**YOUR TASK**
Show every line from the entries that follow which holds the word "Sportlerehrung".
Segment Start: TASK INPUTS
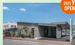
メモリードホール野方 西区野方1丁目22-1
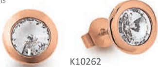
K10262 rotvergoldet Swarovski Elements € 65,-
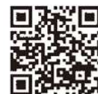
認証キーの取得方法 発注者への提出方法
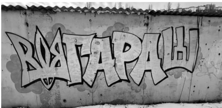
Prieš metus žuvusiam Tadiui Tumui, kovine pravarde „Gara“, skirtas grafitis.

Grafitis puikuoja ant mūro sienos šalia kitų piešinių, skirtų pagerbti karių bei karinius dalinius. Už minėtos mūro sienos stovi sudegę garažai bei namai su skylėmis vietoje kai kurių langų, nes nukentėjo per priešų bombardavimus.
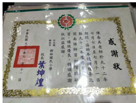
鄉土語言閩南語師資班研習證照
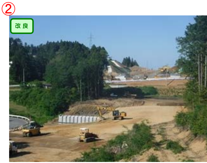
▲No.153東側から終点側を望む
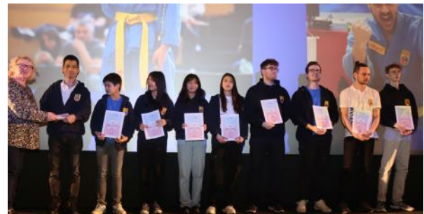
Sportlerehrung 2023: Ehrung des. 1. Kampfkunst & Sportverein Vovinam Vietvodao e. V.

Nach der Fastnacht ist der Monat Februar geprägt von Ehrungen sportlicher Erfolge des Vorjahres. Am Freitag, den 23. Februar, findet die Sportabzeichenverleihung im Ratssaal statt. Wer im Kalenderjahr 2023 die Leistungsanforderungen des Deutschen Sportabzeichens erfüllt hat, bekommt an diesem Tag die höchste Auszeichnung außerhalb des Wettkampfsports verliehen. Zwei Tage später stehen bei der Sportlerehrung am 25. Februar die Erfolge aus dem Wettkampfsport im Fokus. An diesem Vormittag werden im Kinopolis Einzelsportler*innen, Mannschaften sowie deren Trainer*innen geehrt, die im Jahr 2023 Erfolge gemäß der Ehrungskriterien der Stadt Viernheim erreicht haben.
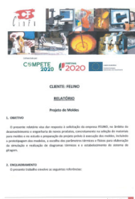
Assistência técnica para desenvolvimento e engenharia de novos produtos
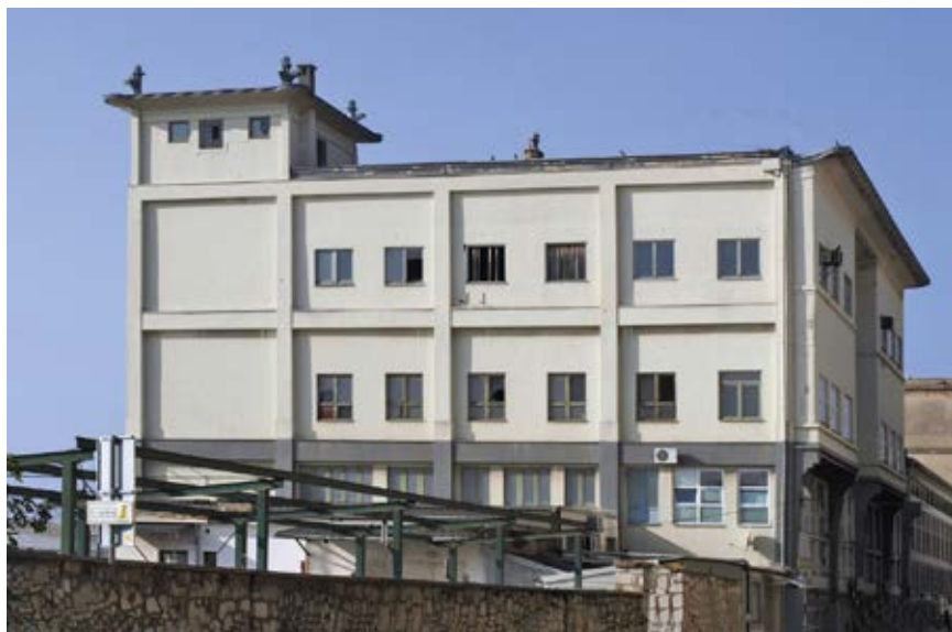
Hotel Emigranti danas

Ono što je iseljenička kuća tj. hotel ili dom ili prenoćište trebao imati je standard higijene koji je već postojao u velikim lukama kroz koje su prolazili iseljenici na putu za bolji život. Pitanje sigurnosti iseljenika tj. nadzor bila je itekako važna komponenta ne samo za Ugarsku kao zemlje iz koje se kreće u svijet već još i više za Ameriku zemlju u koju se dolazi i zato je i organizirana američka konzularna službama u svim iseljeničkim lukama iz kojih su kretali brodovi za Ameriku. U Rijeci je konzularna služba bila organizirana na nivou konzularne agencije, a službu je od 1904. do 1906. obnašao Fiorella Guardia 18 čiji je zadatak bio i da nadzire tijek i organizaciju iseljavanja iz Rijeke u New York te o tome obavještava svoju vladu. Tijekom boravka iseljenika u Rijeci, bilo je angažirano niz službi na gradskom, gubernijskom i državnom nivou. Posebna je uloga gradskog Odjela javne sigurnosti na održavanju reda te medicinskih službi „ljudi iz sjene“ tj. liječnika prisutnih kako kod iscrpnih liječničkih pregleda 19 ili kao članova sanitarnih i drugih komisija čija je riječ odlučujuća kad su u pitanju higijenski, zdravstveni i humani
Segment End: TASK INPUTS
**WRITTEN REPLY**
Sportlerehrung 2023: Ehrung des. 1. Kampfkunst & Sportverein Vovinam Vietvodao e. V.
Nach der Fastnacht ist der Monat Februar geprägt von Ehrungen sportlicher Erfolge des Vorjahres. Am Freitag, den 23. Februar, findet die Sportabzeichenverleihung im Ratssaal statt. Wer im Kalenderjahr 2023 die Leistungsanforderungen des Deutschen Sportabzeichens erfüllt hat, bekommt an diesem Tag die höchste Auszeichnung außerhalb des Wettkampfsports verliehen. Zwei Tage später stehen bei der Sportlerehrung am 25. Februar die Erfolge aus dem Wettkampfsport im Fokus. An diesem Vormittag werden im Kinopolis Einzelsportler*innen, Mannschaften sowie deren Trainer*innen geehrt, die im Jahr 2023 Erfolge gemäß der Ehrungskriterien der Stadt Viernheim erreicht haben.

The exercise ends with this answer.